Article via timesunion, Tim Wilkin

The only time he ever ran at Saratoga Race Course, Keen Ice made people cry.
 
And that's because he won.
 
Confused? Keep reading.
 
The only time Keen Ice ever ran at Saratoga was two summers ago, in the 2015 Travers Stakes. People flocked to the Spa from points east, west, north and south. The New York Racing Association, bracing for a crush of people, capped the Travers Day attendance at 50,000 that year.
 
That's because American Pharoah, who might have been the public's favorite athlete in 2015, was here. He was the first Triple Crown champion — the winner of the Kentucky Derby, Preakness and Belmont — the sport had seen since 1978. People who were not horse racing fans were American Pharoah fans.
 
When it was announced that Pharoah was going to run here, Saratoga Race Course was jumping. The day before American Pharoah ran in the Midsummer Derby, an estimated 20,000 came out to watch him gallop around the Spa at 8:45 in the morning.
 
And then Keen Ice ruined the Travers party. He won the Travers by three quarters of a length.

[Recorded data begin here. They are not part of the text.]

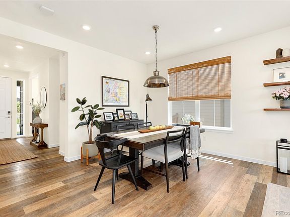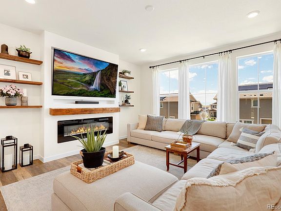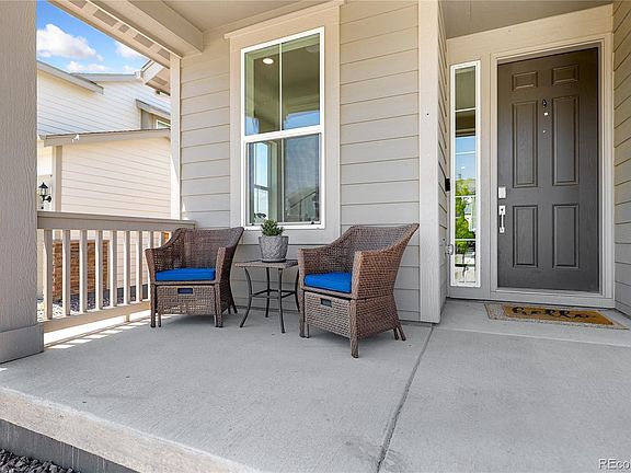 The quality and style are undeniable at this better-than-new two-story home tucked away in the Buffalo Highlands community! A charming front porch welcomes you into the turn-key interior that delights with tall ceilings, brilliant natural light, neutral paint, modern recessed lighting, and upgraded finishes throughout. Graciously accommodate family and friends year-round from the spacious open concept floorplan that connects seamlessly to the deck via a sliding glass door. A sleek electric fireplace flanked by floating shelves and a handsome wood mantle anchors the living room and provides warmth on chilly evenings. The home chef will love the well-appointed kitchen that features lovely granite countertops, abundant cabinet space, an expansive island with seating, a pantry, and stainless steel appliances including a gas range. The main floor is completed by access to the three-car garage, a powder room, and a dedicated office. All four bedrooms and the laundry room are conveniently located on the upper level. Three sizable bedrooms share a full bathroom with double sinks while the primary suite enjoys a tray ceiling, a walk-in closet, and a private bathroom complete with double sinks atop a granite countertop. 1,000+ sq ft unfinished walkout basement provides options for storage or future living space. Don't miss the fantastic outdoor living space that includes a fenced backyard, a gas line ready for your firepit, extensive landscaping, and a covered patio. Great location in a quiet neighborhood with quick access to E470, trails, and the Rocky Mountain Arsenal.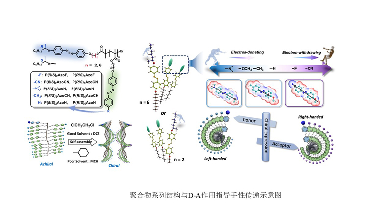 本工作首次通过分子工程,将手性端基与电子可调的偶氮苯侧链相结合,实现了通过取代基电子效应(给电子/吸电子)精准调控超分子螺旋的手性方向。该机制借助偶极矩重新定向及分子间协同作用,控制手性传递过程,可使其按热力学偏好发展、发生反转或呈现多重调控模式进行。该发现深化了聚合物立体化学信息传递机理认识,并为光子学、光电器件及信息编码等响应型手性材料设计奠定了理论基础。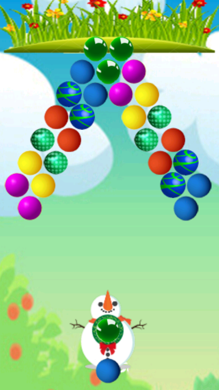游戲的玩法非常簡單, 用手指觸摸屏幕發(fā)射泡泡球,通過正下方的箭頭來發(fā)射泡泡當射擊中三個或更多同顏色的泡泡時,泡泡將消除。
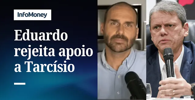 Na quinta-feira (27), em entrevista ao Uol, Eduardo admitiu apoio ao republicano em uma eventual disputa contra Lula (PT) à presidência nas eleições do ano seguinte. Nesta sexta, o deputado federal esclareceu que, embora vote em qualquer adversário do petista, não considera o nome de Tarcísio como positivo para a direita. A publicação foi feita junto de um print da reportagem que destaca a entrevista de quinta, com o título de “Eduardo Bolsonaro admite apoio a Tarcísio como ‘voto anti-Lula’.

Saturday, Keen Ice will try to pull off another Saratoga shocker when he starts in the $1.25 million, Grade I Whitney Handicap. The horse to beat in the race will be Gun Runner, who will be made the morning-line favorite when the race is drawn Tuesday night.

"I think he is as good as he has ever been," said Todd Pletcher, who trains the 5-year-old son of two-time Horse of the Year Curlin.
 
Some things have changed since the last time Keen Ice stepped on the Saratoga dirt.
 
When Keen Ice won the Travers, he was trained by Dale Romans. After an eighth-place finish in the 2016 Dubai World Cup, owner Jerry Crawford of Donegal Racing changed trainers, moving the horse to Pletcher. The horse was given some time off with the hope being he would be able to run at Saratoga last summer.
 
He never made a race. His return to the races in 2016 came in October when he was third in an allowance race at Belmont as the even-money favorite.
 
"It's been a little bit of a tricky situation with him," Pletcher said. "When we got him, we were kind of running out of time."
 
But Pletcher got the horse to last year's Breeders' Cup and he was not disgraced, finishing third behind Arrogate and California Chrome.
 
Keen Ice started his 5-year-old season with a second in the Grade III Harlan's Holiday at Gulfstream and then was fourth in the inaugural $12 million Pegasus World Cup, also at Gulfstream.
 
"Gulfstream is a track that is not really conducive to him," Pletcher said.
 
Then came another trip to Dubai where he was seventh in his second try in the World Cup.
 
Pletcher said the surface in Dubai was one Keen Ice did not like.

After a rest, Keen Ice returned in the Grade II Suburban at Belmont and he won that race by two lengths, beating Shaman Ghost, among others. In that race, he was ridden for the first time by Jose Ortiz, who will ride Keen Ice in the Whitney.
 
"That was the first time we got to do what he really wants to do, and that is run a mile and a quarter," Pletcher said.
 
The Whitney is 11/8 miles, not the ideal distance for Keen Ice. Keen Ice is a horse who does his best running late in the race. But Pletcher says the horse is doing as good as he has ever been.
 
"The one thing we do wish is that it was 11/4 miles," Pletcher said. "He ran real well in his last race; it's just a question of whether he will have enough time to get up going 11/8."